At its launch in 1998, Netflix had only 3,000 DVDs for viewers to pick from. They planned for 108 orders in their first month but hit that goal on their first day. Although the evolution of their business is the main topic on display, a few humorous anecdotes are included to keep things from getting too dry. An early Netflix exclusive in 1998 was a DVD of Bill Clinton’s grand jury testimony. To save on costs, the DVDs were printed without labels. Netflix’s supplier sent them some wrong and unlabeled DVDs by accident that contained pornography, which in turn went out to some surprised customers!

Late Fees

It’s important to remember the size of Blockbuster Video at the time Netflix started. They eventually had a competing DVD by mail service called Blockbuster Online in 2004 that really took off with the Blockbuster Total Access program in 2007. Customers could return the movie they rented by mail to a local store and pick up a new movie for free. Although customers loved this system, it lost Blockbuster a lot of money. Their CEO at the time Jim Keyes made further poor decisions, like bringing back late fees, buying Circuit City, and renewing focus on their stores instead of streaming and DVDs by mail.

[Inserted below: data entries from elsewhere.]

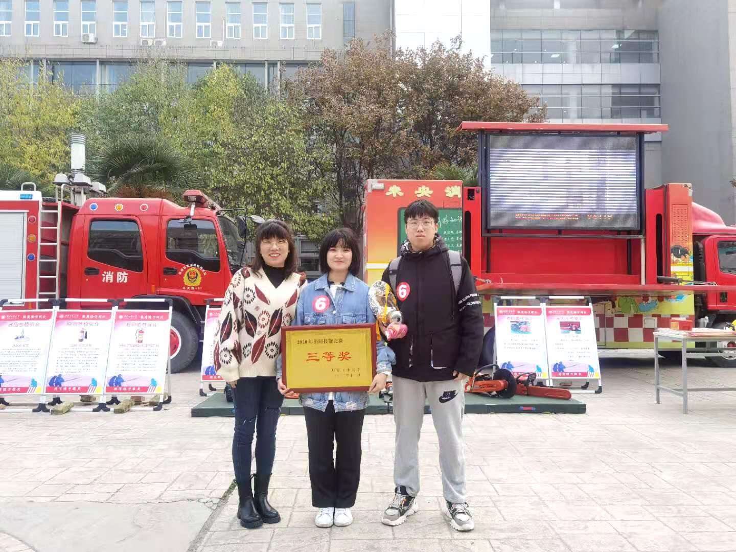 学生行动迅速,动作干净利落。穿过烟雾逃生阶段时,马淑婷同学冷静应对,动作标准,迅速通过完成接力。杨豪同学熟练的运用电子灭火器进行灭火,在争取取得良好成绩的同时也不忘安全。最终取得了灭火及烟雾逃生决赛三等奖的优秀成绩。
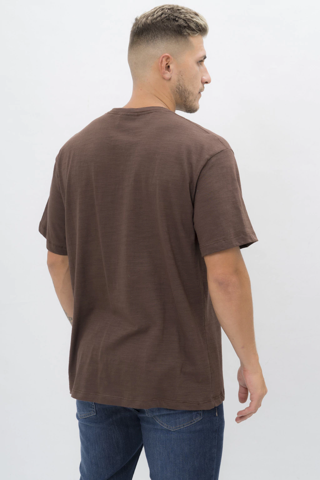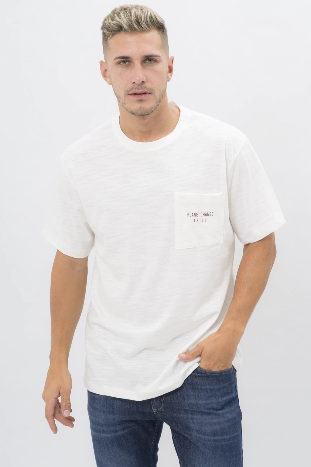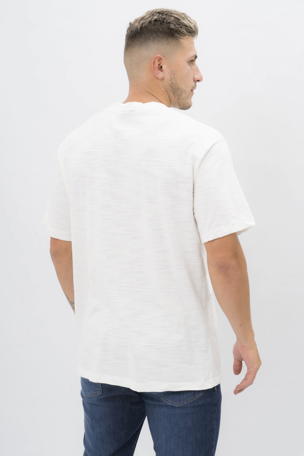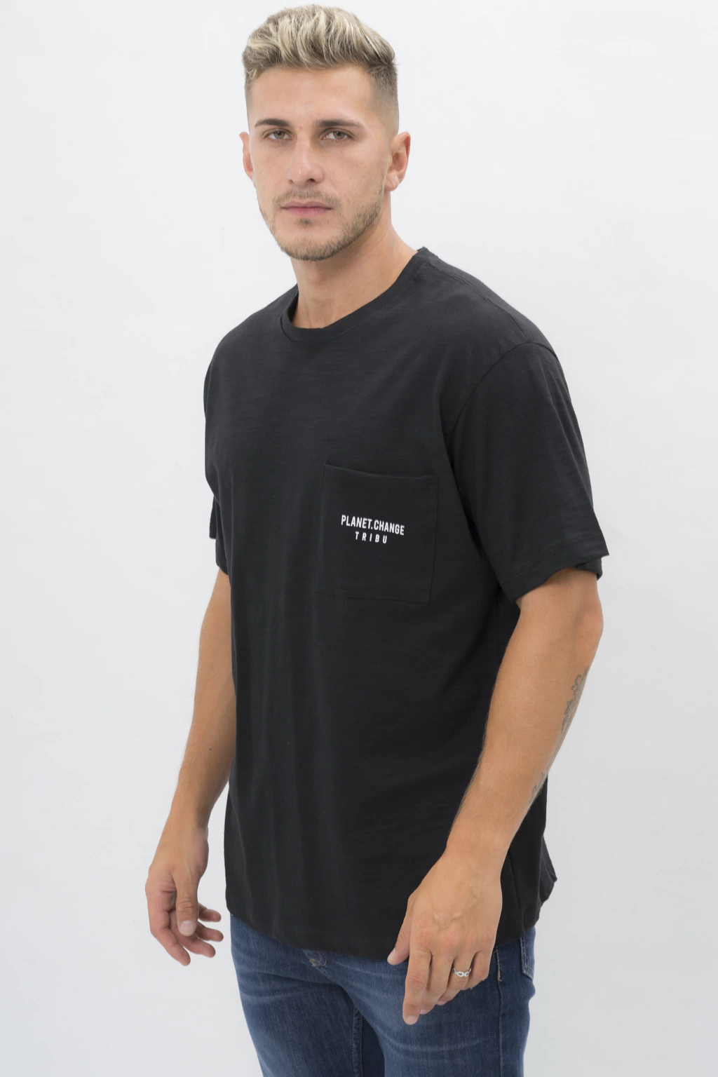 Esta remera de manga corta está confeccionada en Algodón Poliéster Flame, garantizando comodidad y estilo. Presenta un bolsillo recto al frente y un atractivo texto estampado. Su calce es Relax, ideal para un uso diario sin sacrificar el estilo.
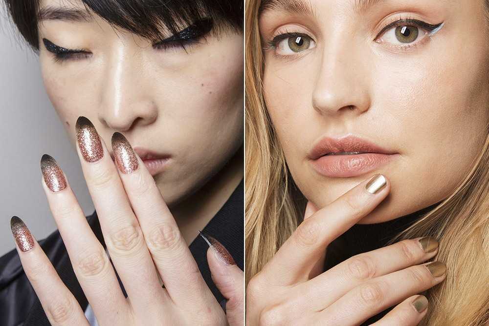 Смелый и красивый вариант маникюра – покрытие сияющим лаком, содержащим светоотражающие частицы, блёстки, металлизированные элементы. Если же основной оттенок лака будет спокойным, то блестящие частички только подчеркнут его элегантность и изящество.
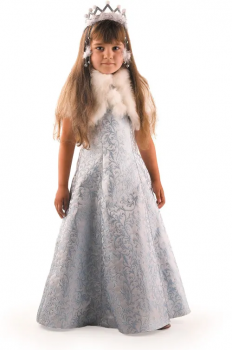 Карнавальный костюм Снегурочки Жемчужной очарует всех, кто придет на новогодний праздник. В этом наряде девочка почувствует себя настоящей зимней принцессой из сказки. Костюм выполнен из плотного, не мнущегося материала с узором жаккард. Изысканный жемчужный цвет будет к лицу любой маленькой красавице. В комплект образа Снегурочка Жемчужная входит платье, манто и корона.
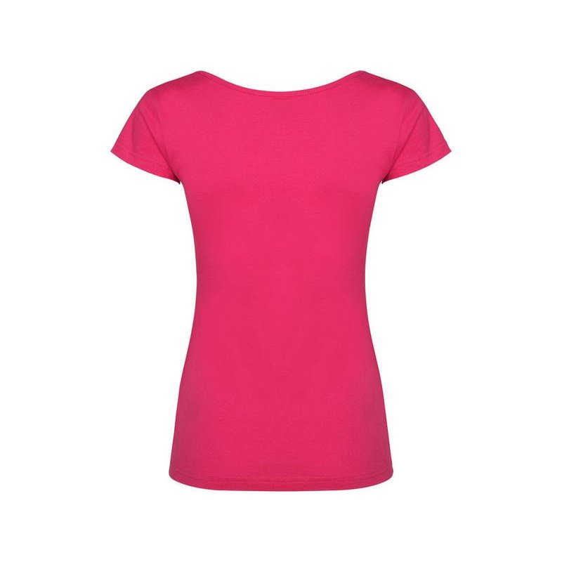 Прилегающая женская футболка с глубоким вырезом, обработанным рибом.
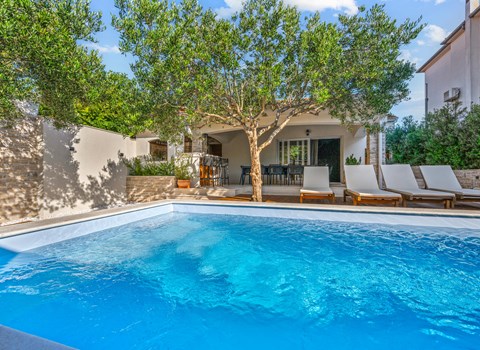 The vacation house is located in the village Ratac near Slano and is ideal for a vacation with the family. It consists of two housing units with access from the outside and is located in the first row to the sea. There are three bedrooms, two bathrooms, kitchen with dining room and a living room. From the living area you can access the large terrace with barbecue. Here you can also enjoy a magnificent view of the sea. The beach, which is accessible only to guests, is located just in front of the house. Dubrovnik is only about 20 km away, there you will find many cultural and activity opportunities. The parking place is located on the property above the house.
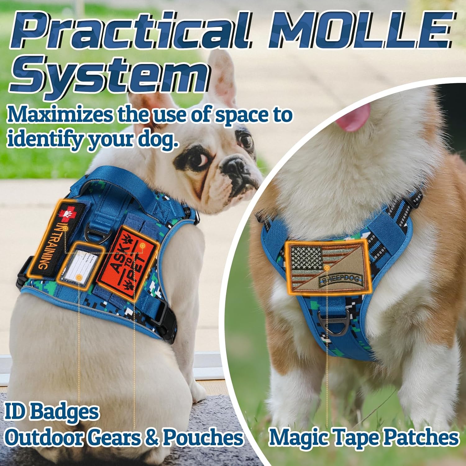 rabbitgoo Tactical Dog Harness Medium Sized Dog, No Pull Military Service Vest with Handle & Molle, Easy Control for Training Walking, Adjustable Reflective Straps, Blue Camo, M

Director Shawn Cauthen has a big story to tell here, and as a result, more recent developments are smoothed over a bit too quickly. The importance of original streaming content and the rise of competing services from the likes of Hulu, Disney+, and others is less of a focus than Netflix’s early days. An overall rosy picture of Netflix is painted with moments of criticism that are all too few and far between. Late in the film, digital media analyst Michael Pachter of Wedbush Securities makes an astute point that Netflix’s movie recommendations of what to watch next are often of their own original programming rather than something related to what you just watched.

source: Amazon

Streaming to the Future

As new streaming services like HBO Max and Peacock take back their library of shows, Netflix will offer less compelling classic movies and TV shows. The waters of streaming media are growing murky indeed.

Netflix vs. the World is a decent, if too self-congratulatory, look at Netflix’s evolution to become the media giant we have today. Whether you’re wanting to learn of their early days or curious about the ancient times of renting movies from a physical store, it offers viewers a lot to think about.